Die CDU wertete die bisherige Regierungszeit von SPD und Linke als verlorene Jahre für Mecklenburg-Vorpommern. „Mit großem Ehrgeiz versucht Manuela Schwesigs Linksbündnis Mecklenburg-Vorpommern eine toxische politische Agenda überzustülpen, die einerseits die Spaltung unserer Gesellschaft vertieft und andererseits das wirtschaftliche Vorankommen des Landes blockiert“, urteilte der Generalsekretär der Landes-CDU, Daniel Peters. Das hätten auch die Wählerinnen und Wähler im Land bemerkt. „Das Linksbündnis unter Schwesig gehört aus gutem Grund zu den unbeliebtesten Regierungen in ganz Deutschland“, sagte Peters und nahm damit Bezug auf deutlich gesunkene Umfragewerte für die SPD-Ministerpräsidentin und die von ihr geführte Koalition.

Grünen-Fraktionschef Harald Terpe reagierte auf die Regierungsbilanz mit einem Wortspiel: „In der selbsternannten rot-roten MV-Koalition sind M wie Mittelmäßigkeit und V wie Verzögerung Programm.“ Während viele Menschen sich um die gesellschaftliche und wirtschaftliche Zukunft sorgten, fehle es der Landesregierung an Führungsstärke und Handlungsfähigkeit. Auf diese Weise werde die Chance verspielt, Klimaschutz mit einer robusten Wirtschaftsentwicklung zu verknüpfen und durch direkte Bürgerbeteiligung für mehr Akzeptanz vor Ort zu sorgen. „Noch immer fehlen Konzepte für den Ausbau von Stromnetzen und -speichern sowie für die Sektorenkopplung“, beklagte Terpe.

FDP-Fraktionschef René Domke warf der rot-roten Koalition vor, ihre Leistungen schönzureden. Statt beherzt gegen Fachkräftemangel, gestiegene Energiepreise und überbordende Bürokratie vorzugehen, sorge die Landesregierung für neue Gängeleien wie etwa beim Vergabegesetz. Ideen, wie der Wirtschaftsstandort MV entwickelt werden soll, seien nicht erkennbar. „Es klemmt überall und die Landesregierung regiert an der Realität vorbei“, lautete das Resümee Domkes.

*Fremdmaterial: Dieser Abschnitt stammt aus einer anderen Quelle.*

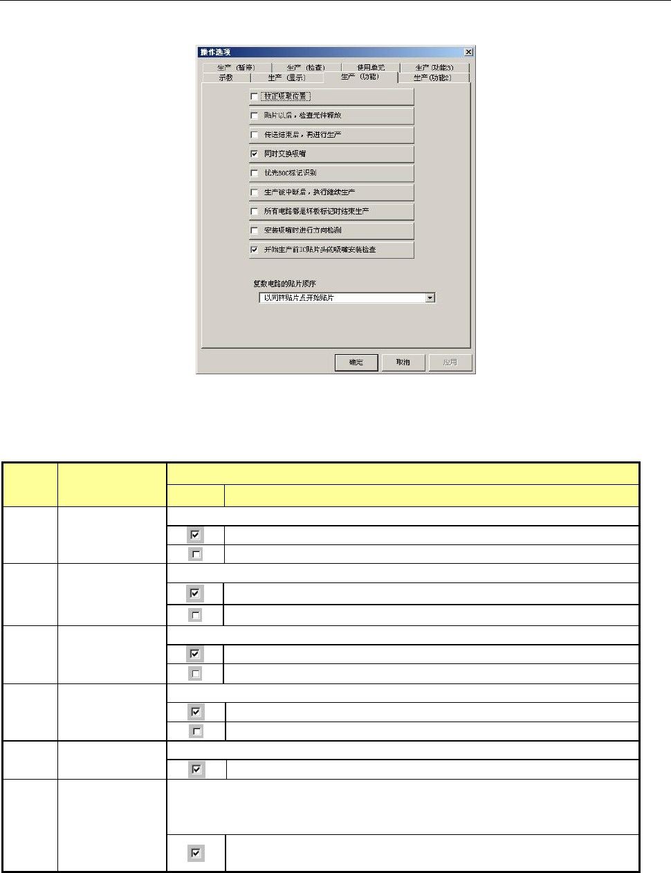 第 2 部 功能详细编 第 7 章 操作选项 7-6 7-2-3 生产的功能选项的设置 设置生产时的操 作。 图 7-2-3-1 生产的功能选项(显示 例 KE2080 ) 表 7-2-3-1 生产时的功能选项设 置项目的细节 和内容 序号 . 项目 内容 状态 动作及详细内容 1 校正吸取位置 设置是否执行吸 取位置校正。 根据定心结果对 吸取位置进行校正。 忽视元件数据指 定的“吸取位置校正 ” ,不执行校正。 2 贴片以后, 检查…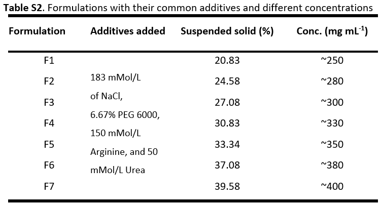 • 配方浓度:从250 mg/mL至400 mg/mL,逐步优化组分比例(详见表S2)。

Für die Wirtschaft des Landes erneuerte der Rostocker IHK-Präsident Klaus-Jürgen Strupp die Forderung nach mehr Verlässlichkeit. Es gelte, das vereinbarte industriepolitische Konzept konsequent umzusetzen, neue Investoren zu gewinnen, die Digitalisierung voranzutreiben und die Genehmigungsverfahren zu verkürzen. „Die regionale Wirtschaft braucht mehr Serviceorientierung in der Verwaltung“, mahnte Strupp.

Der Landtag war Ende September 2021 neu gewählt worden, kurz darauf hatten sich die Wahlsiegerin SPD und die Linke auf die Bildung einer rot-roten Koalition verständigt. Jüngsten Umfragen zufolge büßte insbesondere die von Schwesig geführte SPD seither in der Wählergunst deutlich ein. Bei der Landtagswahl hatte die Partei mit 39,6 Prozent ein Spitzenergebnis erreicht, in einer Wählerbefragung Anfang 2024 kam sie noch auf 21 Prozent. Die Linke verlor leicht und rutschte von 9,9 auf 8 Prozent ab. Die AfD hingegen legte laut Umfragen in der Wählergunst kräftig zu und war im Januar mit 31 Prozent stärkste Kraft im Land.